We visited our first bar, and although we had no idea what to order, it didn’t matter. We were getting away with it! We were being served as if we we mature adults, not like the stoner knuckleheads we actually were. We left bar number one and proceeded to bar number two. Again, no problem. My plan was working! When you are an unemployed druggie living in your parent’s home with no plans for the future, any plan that works makes you feel like an Einstein. The last bar we came to was in Belmont. At this point I should probably mention that Mescaline had been passed around sometime during the evening, but I digress.
This barroom was long and narrow, like a box car. The grown-up’s animated talk grew louder as the night wore on, and the Air Conditioning wasn’t keeping up with their body heat or ours. In that increasingly warmer atmosphere, I learned something that night about spirit gum .When not applied in generous amounts, spirit gums tends to lose it’s adhesiveness. Oh, yeah, my beard started to slip.
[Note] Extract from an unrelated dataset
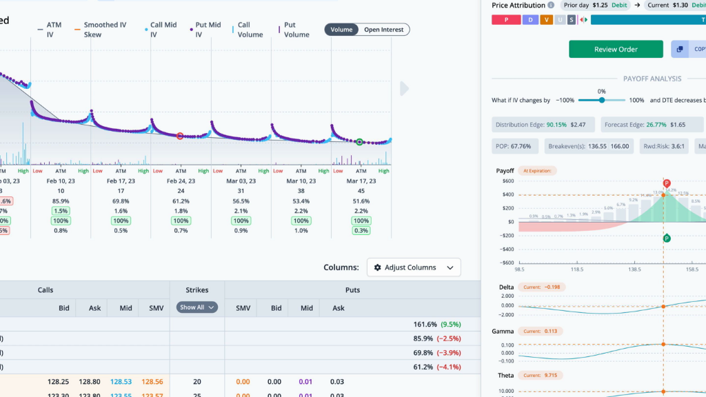 By pulling up the trade, we can see the theoretical values in more detail. The distribution edge, found by the expected value of the payoff picture on the stock’s historical distribution, has an edge of 90.2%. The forecast edge, which is derived from historical volatility, has an edge of 26.8%. Lastly, the smoothed edge, which is calculated by drawing a best fit curve through the monthly implied volatilities, has an edge of 0.0%. The edge is relative to the mid-market price of the trade. Greater positive edges are a theoretical benefit to the trader. We can also look at the payoff graph. The probability of profit sums the probability of the nodes for the part of the payoff picture above the zero profit line over three standard deviations. For this trade the probability of profit is 67.76%. The reward to risk divides the max gain by the max loss. Here the 3.6 to 1 is the ratio of the max gain of $469 to the max loss of $-130. There are two break evens for this LongPutCalendar at 136.55 and 166. You can also view the price attribution to see how much each of the individual greeks and theoretical values contribute to the change in trade price from yesterday to today.

I looked over to my chums to see if they were having similar problems. No, they were OK. When the bartender came my way, I placed a palm against the right side of my face, pushing up the errant wad of hair. When he left I would try to take a sip from the shot glass, while holding my beard in place. My friends looked straight ahead, either trying not to laugh, or paralyzed with fear that the jig would soon be up. Push up beard, take a sip, place palm on face, watch out for the bartender. Repeat. This went on for a while, but drinking (along with mescaline) doesn’t help one’s alertness. Eventually, the bartender, bottle in hand, noticed my fake bear dangling an inch off of my face, gave me a quizzical look and…kept pouring.
We closed down the bar, then drove around town for hours. As the sun rose over the San Francisco Bay area, Tim repaired to his Dad’s house, I to mine, and because neither John nor I was tired, we sat up for hours, just talking. The mescalinehad worn off, the booze as well, and we were just two guys shooting the breeze.
The more John talked, the more it became apparent to me that this guy had a myriad of problems, mostly personality defects. He was confused, unsure about life in general and his life in particular.
As John talked, I thought, perhaps I can help this guy with his problems. Then, I had another thought. Now, I was still not a Christian, not by a long shot, but I had been glancing through the Bible. (To this day, it amazes me how powerful just one verse in the Bible can be.) Anyway, I remembered the verse that says,“Why do you look at the speck in your brother’s eye, but fail to notice the beam in your own eye?” I thought to myself, “how can I help John with his problems, when I have so many issues of my own?.” I couldn’t help anybody until I had my act together and in twenty years on the planet, that hadn’t happened or was likely to happen in the foreseeable future.
The only other Bible verse that I knew says, “Ask, and it shall be given you; seek, and ye shall find; knock, and it shall be opened unto you”. Maybe, the reason I was so ill equipped to help my friend, maybe the reason I had so many problems of my own, maybe that reason was because I had simply not asked for help.
As these thoughts tumbled through my brain, I had a revelation. I saw a fork in the road ahead. Turn left, and continue the way I had been going, the path of gullibility where my belief system was as fragile as a spider’s web. Or turn right and ask for help.Turn right and look to Jesus. Turn right into the life of light, and turn from the path of darkness.
While John was watching, I turned right. I turned to Jesus. I felt a heavy backpack filled with rocks fall from my shoulders and I began to weep. I was born again.